Dear Editor,
I refer to a letter published in the October 29th edition of Stabroek News captioned ‘There are great prospects for sugar industry but success depends on quality of management and top personnel’ written by former President Mr. Donald Ramotar. I will not seek to analyze the contents of this letter from my friend Mr. Ramotar since as recently as April 2020, we had lunch together at the Marriott. I do however want to clarify one statement made by him which clearly refers to me. Where he wrote “One of the members of the (GuySuCo) board has made no secret about what he thinks of the future of the industry. He is of the view that GuySuCo should get out of cane and sugar production”.
As far back as 2015 I had presented a paper to the Commission of Inquiry into the sugar industry, saying that I believe that we are operating at a huge disadvantage in our sugar industry by manufacturing sugar [sucrose] instead of ethanol from our sugar cane. Brazil and Australia which are our main competitors in the international sugar market, are producing sugar at around 12 US cents a pound compared to our nearly 34 US cents a pound. This is due to basically two reasons: 1. They have managed, because they have far less rainfall than Guyana, to almost completely mechanize their industries when we have not and 2. Our high rainfall also makes our canes more vegetative and as a result it is taking nearly 100% more cane in Guyana to make one tonne of sugar compared to Brazil and Australia where they are taking seven or eight tonnes of cane to make one tonne of sugar while GuySuCo is taking [up to week ending 17th October 2020] 13.81 tonnes of cane to make one tonne of sugar!
And here is my math on the matter, in Guyana up to week ending 17th Oct 2020, we ground 918,900 tonnes of cane and made 66,559.9 tonnes of sugar; using 371 US dollars per tonne, which is our average price per tonne at this time, this sugar will earn Guyana 24.7 million US dollars.
Cane sugar is a disaccharide made up of glucose and fructose which exists due to a fragile bond between them which in our case is made worse by the fact that we are still burning our canes and therefore have to get it to the factory within 48 hours after burning or it reverts to the two monosaccharides glucose and fructose and can no longer make sucrose. However, information from international sources tells us that the sugar cane biomass when fermented for 24 hours will produce 22 gallons of ethanol per tonne of sugar cane. To make the 66,559.9 tonnes of sugar we have made so far in 2020, we ground 918,900 tonnes of sugar cane, if the conversion is 22 gallons per tonne of cane [and I have seen nothing which contradicts this] then we would have earned from this amount of cane, 20.215 million gallons of ethanol which is sold in Brazil as fuel for 3 US$ per gallon i.e. we would have earned US$60.65 million. And not US$24.7m total from sugar. You don’t have to be much of a mathematician to see what the difference is. In addition the Brazilian experience tells us that to manufacture alcohol directly from the sugar cane biomass, requires much less power than manufacturing sugar from it. If our factories will be using much less power, then other options for the use of bagasse materialize.

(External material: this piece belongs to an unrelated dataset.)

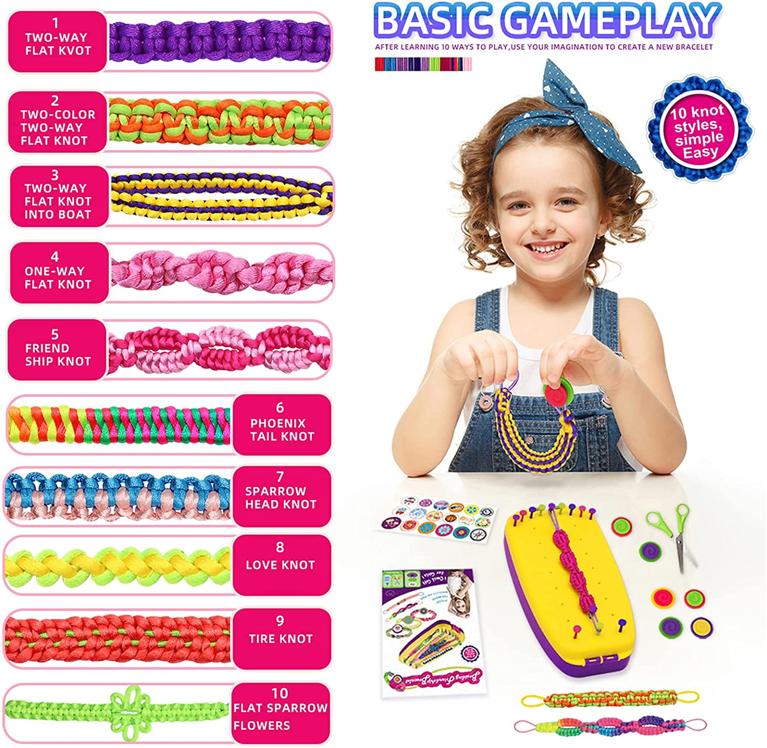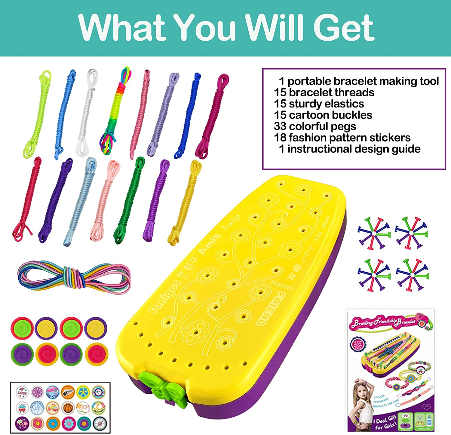 Bracelet Making Kit Toys, Arts & Crafts String Maker Tool, Kids Travel Activity What’s inside: 1 portable bracelet loom, 33 colorful pegs, 15 bracelet threads, 15 sturdy elastics, 15 cartoon buckles, 18 fashion pattern stickers, 1 instructional guide, all in a beautiful box, great gifts ideas for girls, cool toy for tween and teens to have fun and promote relationship. Easy to create by yourself: It’s simple for you to make bracelets by following directions step by step, choose a style, take out the braiding loom with movable pegs to hold the bracelet in place, keeping the threads separated and organized, or give full play to your imagination to complete it. What it can be used for: Make up to 15 bracelets, 10 knot styles, choose most popular style and well woven, you can send it as a gift to your friends, or just have fun for yourself whether at home or for a road trip , what’s more, it can be used as hair extension accessories for girls. Christmas gifts for kids girls: Bring this bracelet maker kit on road trips or on airplane car travel. It dispels boredom and provides hours of entertainment, the unique design makes it possible to include all the accessories you need, very convenient, funny activity for family travel or school camp. Product Description Fun game easy to make Follow our video step-by-step instruction helps kids become a master friendship bracelet maker. Improve their creativity . Arts and crafts kit suit for girls ages 8-12. Different Styles Every Day It's a activities that allows your kids to develop their brains and improve their hands-on skills.Girls can use their imagination and create their own styles! Spending time knitting bracelet helps kids stay away from iPads, phones and TVs. It’s good for eyes. What You Will Get 1 portable bracelet making tool 15 bracelet threads 15 sturdy elastics 15 cartoon buckles 33 colorful pegs 18 fashion pattern stickers 1 instructional design guide Exquisite packaging, high-quality materials. Perfect choice for girl's birthday gift Easy to learn and knit We provide a fixed elastic rope bracelet loom, let the children follow the instruction, step by step, kids can create their own handmade bracelet. Enjoy a nice travel This bracelet set can accompany kids on family trips, school summer camps, airplanes, cars, or anywhere to start their creations 6.0 inches x 7.0 inches x 1.85 inches. Weight: 4.8 oz Item model number Bracelets-001 Item dimensions L x W x H 7 x 6 x 1.85 inches Age Range (Description) 7-12 Years Color Yellow Included Components String, Bracelet Making Kit, Maker Tool Material String Country of Origin China Style Friendship Bracelet Item Weight 4.8 ounces Theme Friendship, Arts And Crafts, Diy Size Small Model Name Friendship Bracelets Seasons All Seasons Art Craft Kit Type Friendship Bracelet Making Kit Special Feature Travel Activity Set, Kids Activity, Diy Craft Product Dimensions 7 x 6 x 1.85 inches Number of Pieces 33

Editor there is also a letter in the same issue on the same day saying that we should not explore aquaculture in Guyana since sugar is so special. In 2019, the sugar industry worldwide, was producing a total of 180 million tonnes at 12.8 cents a pound i.e. it is now a US$72 billion dollar a year industry. At the same time farmed seafood in 2018 earned 236.6 billion US dollars. The aquaculture industry is now nearly four times bigger and much more lucrative than the sugar industry worldwide. And its income per acre will be 10-50 times greater per hectare per annum than growing sugar cane. For Guyana that pond-like layout our ancestors left us with, makes it mandatory that we try to explore aquaculture as a diversification option. Especially since the sugar industry in Guyana is 47,000 hectares, we cannot possibly use 47,000 hectares to grow fish and shrimp, we would need 188,000 workers, 4 employees per hectare.

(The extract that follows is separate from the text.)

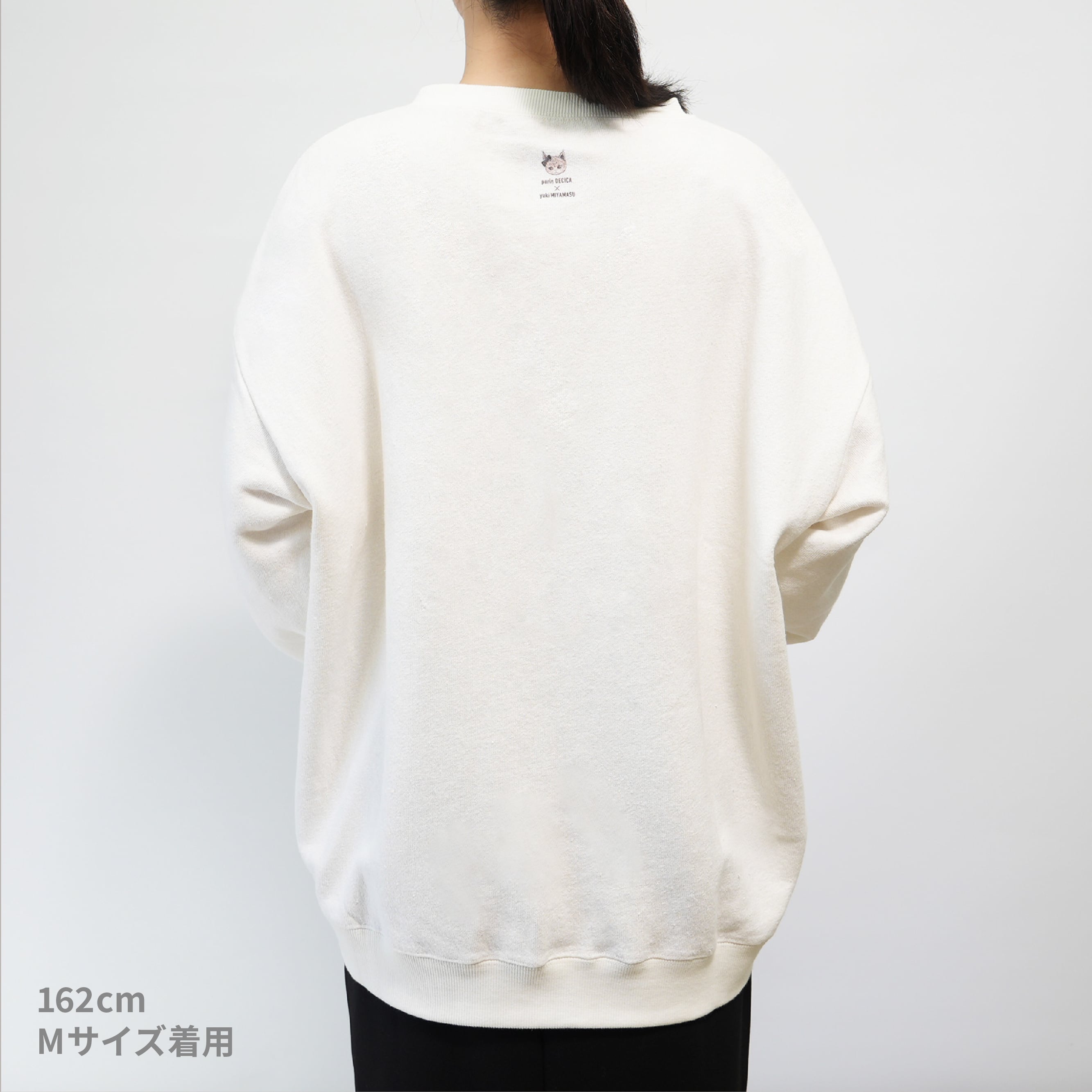 【サイズ感】丈は腰下あたりで動いてもお腹は見えない程度でジャストサイズです。すっきりとキレイめスタイル(スカートなど)に合わせてトレーナーを着たい方におすすめです♩

Finally Editor, I no longer use sucrose sugar since there is a growing scientific lobby for fructose which comprise 50% of the sucrose or cane sugar to be labelled a toxic substance, since the human metabolism appears to have no pathway to digest it, and it is simply stored in the liver as fat. “The scientific data on fructose says it is one of the most egregious components of the western diet, directly contributing to heart disease and diabetes, and associated with cancer and dementia. Nature magazine has just published a scathing indictment of fructose by Dr Lewis Cantley, one of the US’s leading cancer researchers.” It is therefore possible that this matter of insisting on manufacturing sugar will be taken out of our hands completely, in time. As a product, ethanol for alcohol beverage manufacturing, pharmaceutical uses and as a renewable fuel makes it a far more attractive product to market.